- Supplied records:
◇ ◇ ◇
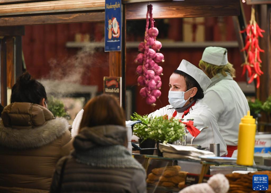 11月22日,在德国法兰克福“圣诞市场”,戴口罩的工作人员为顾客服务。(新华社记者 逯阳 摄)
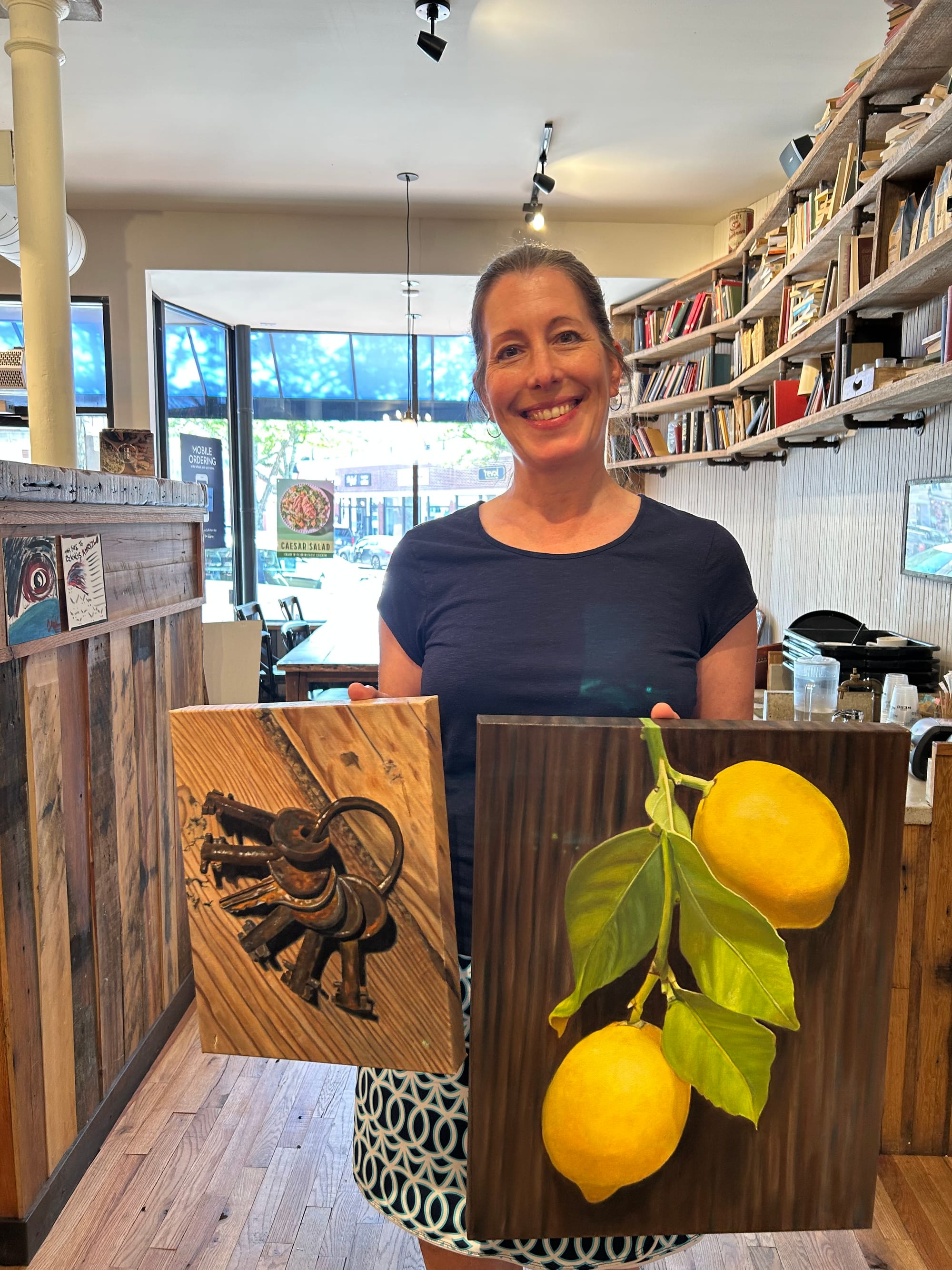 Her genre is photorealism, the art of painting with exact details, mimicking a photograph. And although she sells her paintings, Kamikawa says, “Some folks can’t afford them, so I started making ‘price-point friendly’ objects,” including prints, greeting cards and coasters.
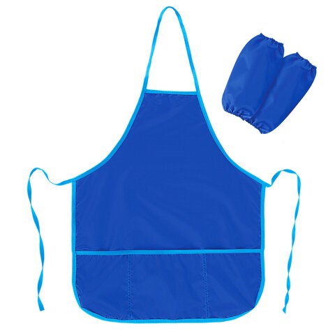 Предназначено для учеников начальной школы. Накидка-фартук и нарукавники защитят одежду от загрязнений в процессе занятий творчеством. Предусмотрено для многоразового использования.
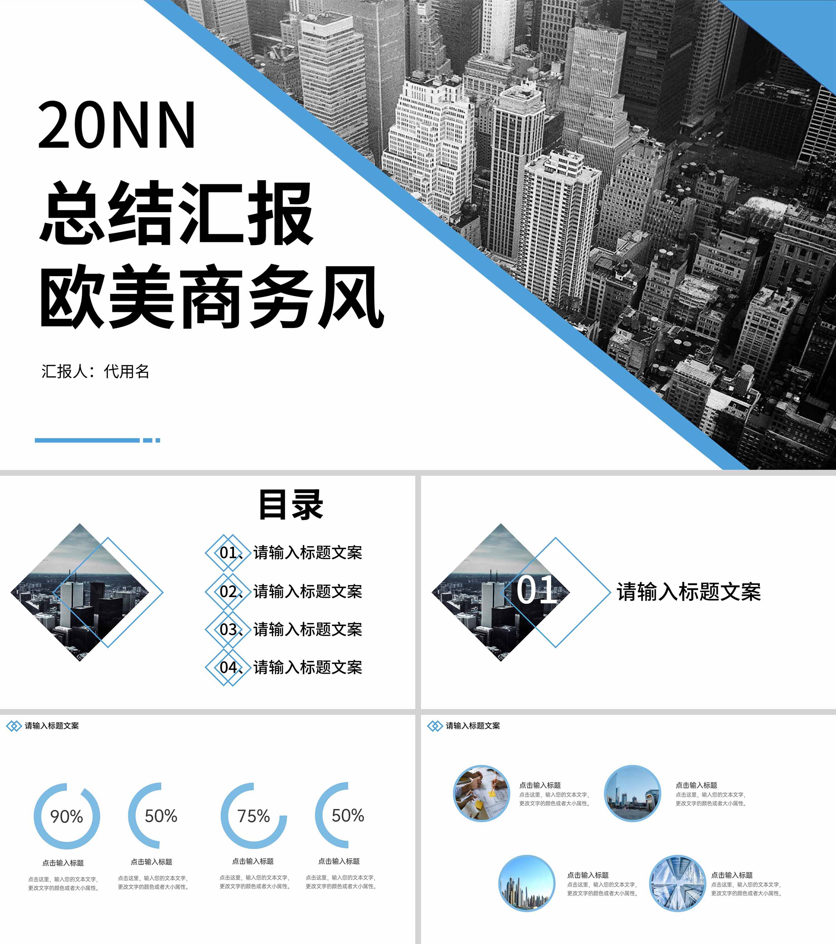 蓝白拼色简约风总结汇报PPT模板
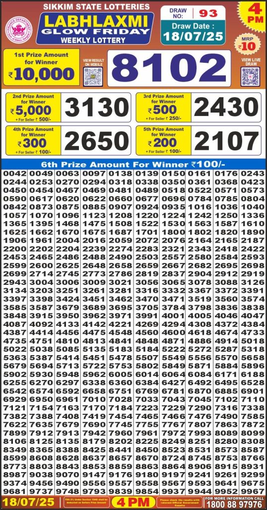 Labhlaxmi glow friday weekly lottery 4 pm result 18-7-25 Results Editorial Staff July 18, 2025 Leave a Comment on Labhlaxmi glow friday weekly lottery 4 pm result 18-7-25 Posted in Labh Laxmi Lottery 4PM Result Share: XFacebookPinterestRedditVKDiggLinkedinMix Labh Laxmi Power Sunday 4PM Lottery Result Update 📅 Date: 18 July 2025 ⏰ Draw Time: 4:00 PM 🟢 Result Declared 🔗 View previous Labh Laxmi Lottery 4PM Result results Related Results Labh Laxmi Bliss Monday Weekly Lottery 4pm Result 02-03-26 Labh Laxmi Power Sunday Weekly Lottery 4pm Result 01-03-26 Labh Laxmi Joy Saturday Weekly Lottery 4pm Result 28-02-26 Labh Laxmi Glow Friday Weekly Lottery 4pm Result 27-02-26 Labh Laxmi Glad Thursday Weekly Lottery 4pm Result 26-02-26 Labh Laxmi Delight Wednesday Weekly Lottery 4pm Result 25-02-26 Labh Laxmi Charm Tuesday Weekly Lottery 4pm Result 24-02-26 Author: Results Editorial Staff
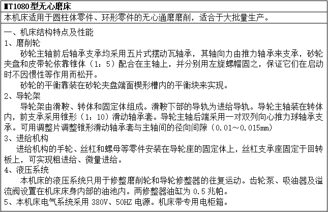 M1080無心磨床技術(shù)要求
◇ ◇ ◇
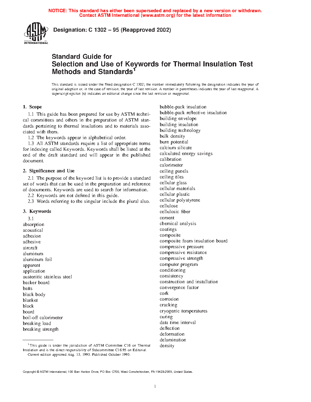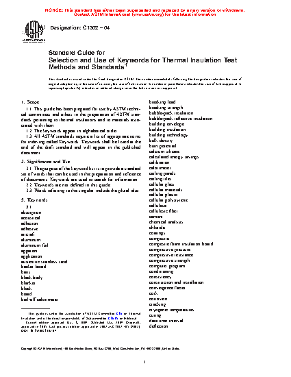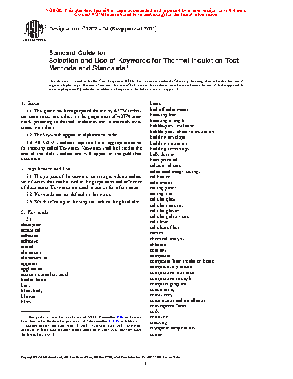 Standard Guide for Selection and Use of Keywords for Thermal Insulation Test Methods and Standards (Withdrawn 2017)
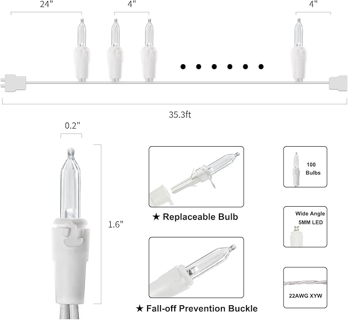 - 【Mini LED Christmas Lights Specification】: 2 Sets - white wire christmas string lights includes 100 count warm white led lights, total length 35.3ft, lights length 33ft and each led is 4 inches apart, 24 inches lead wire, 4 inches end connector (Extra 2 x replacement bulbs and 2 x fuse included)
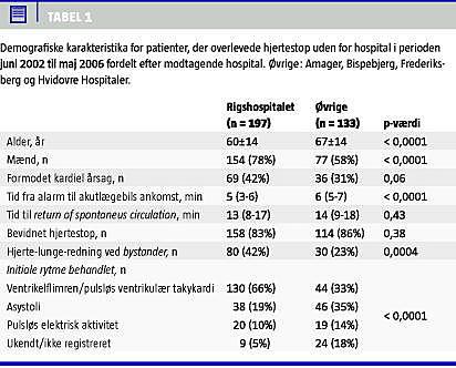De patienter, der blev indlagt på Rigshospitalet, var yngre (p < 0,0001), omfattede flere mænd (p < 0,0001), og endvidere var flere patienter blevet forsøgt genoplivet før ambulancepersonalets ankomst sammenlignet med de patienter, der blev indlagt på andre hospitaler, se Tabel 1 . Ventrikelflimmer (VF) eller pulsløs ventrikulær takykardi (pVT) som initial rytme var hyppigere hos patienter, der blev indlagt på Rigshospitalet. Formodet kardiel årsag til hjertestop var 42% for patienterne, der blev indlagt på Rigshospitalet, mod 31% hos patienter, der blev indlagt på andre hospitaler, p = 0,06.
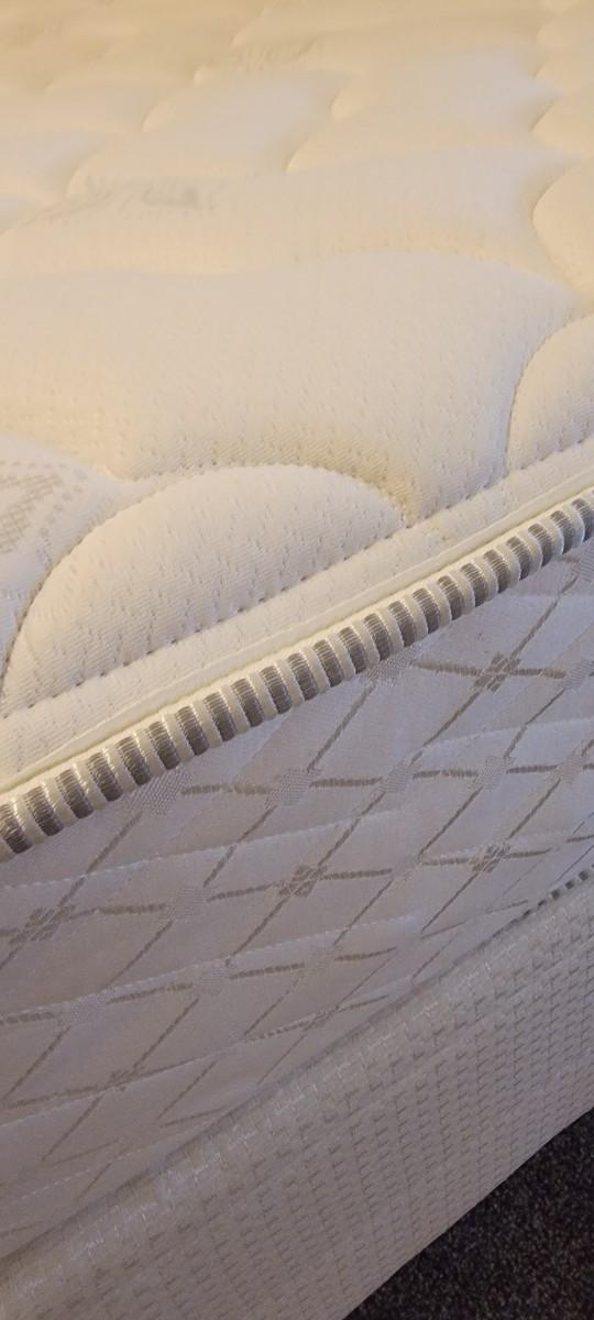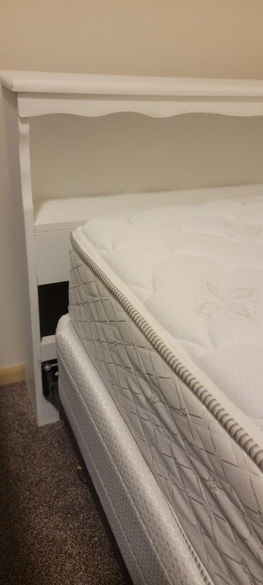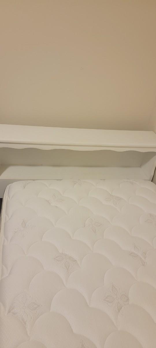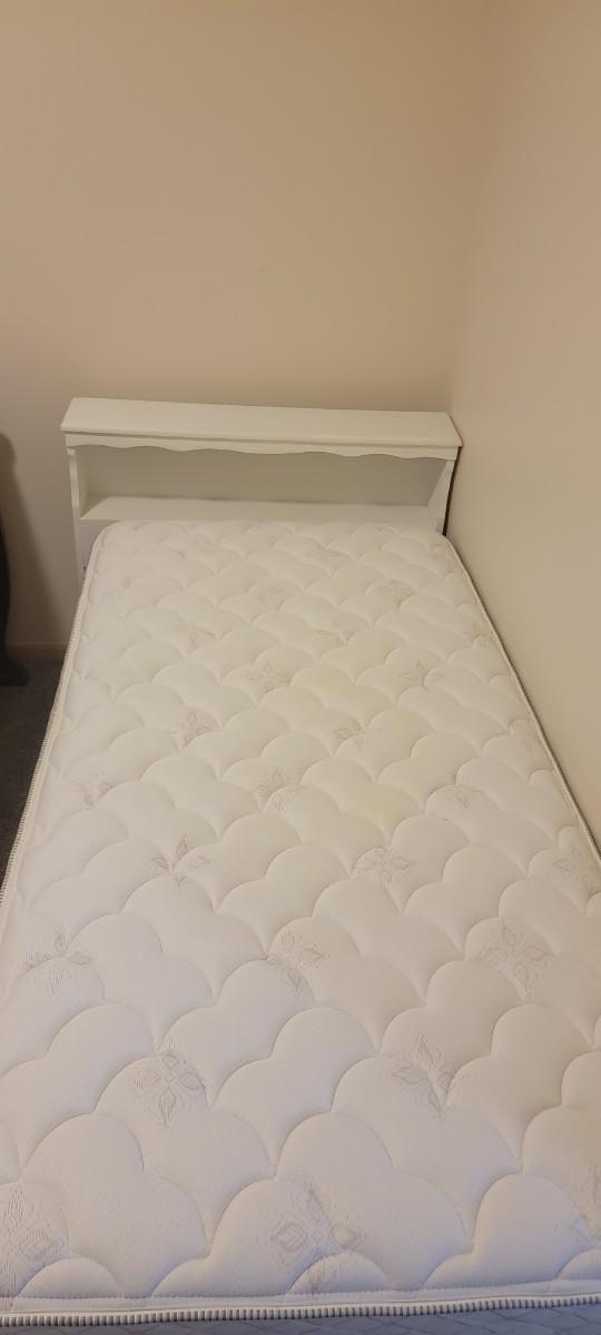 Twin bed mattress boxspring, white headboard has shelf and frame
◇ ◇ ◇
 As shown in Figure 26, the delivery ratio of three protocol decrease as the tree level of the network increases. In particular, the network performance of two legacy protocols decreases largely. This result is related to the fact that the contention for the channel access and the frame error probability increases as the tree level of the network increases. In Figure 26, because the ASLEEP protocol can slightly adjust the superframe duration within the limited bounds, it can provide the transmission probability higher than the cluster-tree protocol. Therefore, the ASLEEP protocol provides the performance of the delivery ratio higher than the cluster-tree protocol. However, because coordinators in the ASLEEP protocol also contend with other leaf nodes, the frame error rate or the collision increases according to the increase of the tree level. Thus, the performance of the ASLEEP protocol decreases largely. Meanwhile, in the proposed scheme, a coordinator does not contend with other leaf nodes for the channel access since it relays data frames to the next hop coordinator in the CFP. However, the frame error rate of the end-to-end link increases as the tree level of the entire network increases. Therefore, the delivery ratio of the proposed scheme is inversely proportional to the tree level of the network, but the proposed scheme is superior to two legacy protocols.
◇ ◇ ◇
- Task to complete: In the listing above, the required lines run from the line with "蓝白拼色简约风总结汇报PPT模板" through the line with "M1080無心磨床技術(shù)要求". Output exactly those lines, omitting pictures.

- Solution to this task:
 蓝白拼色简约风总结汇报PPT模板
 Labhlaxmi glow friday weekly lottery 4 pm result 18-7-25 Results Editorial Staff July 18, 2025 Leave a Comment on Labhlaxmi glow friday weekly lottery 4 pm result 18-7-25 Posted in Labh Laxmi Lottery 4PM Result Share: XFacebookPinterestRedditVKDiggLinkedinMix Labh Laxmi Power Sunday 4PM Lottery Result Update 📅 Date: 18 July 2025 ⏰ Draw Time: 4:00 PM 🟢 Result Declared 🔗 View previous Labh Laxmi Lottery 4PM Result results Related Results Labh Laxmi Bliss Monday Weekly Lottery 4pm Result 02-03-26 Labh Laxmi Power Sunday Weekly Lottery 4pm Result 01-03-26 Labh Laxmi Joy Saturday Weekly Lottery 4pm Result 28-02-26 Labh Laxmi Glow Friday Weekly Lottery 4pm Result 27-02-26 Labh Laxmi Glad Thursday Weekly Lottery 4pm Result 26-02-26 Labh Laxmi Delight Wednesday Weekly Lottery 4pm Result 25-02-26 Labh Laxmi Charm Tuesday Weekly Lottery 4pm Result 24-02-26 Author: Results Editorial Staff
 M1080無心磨床技術(shù)要求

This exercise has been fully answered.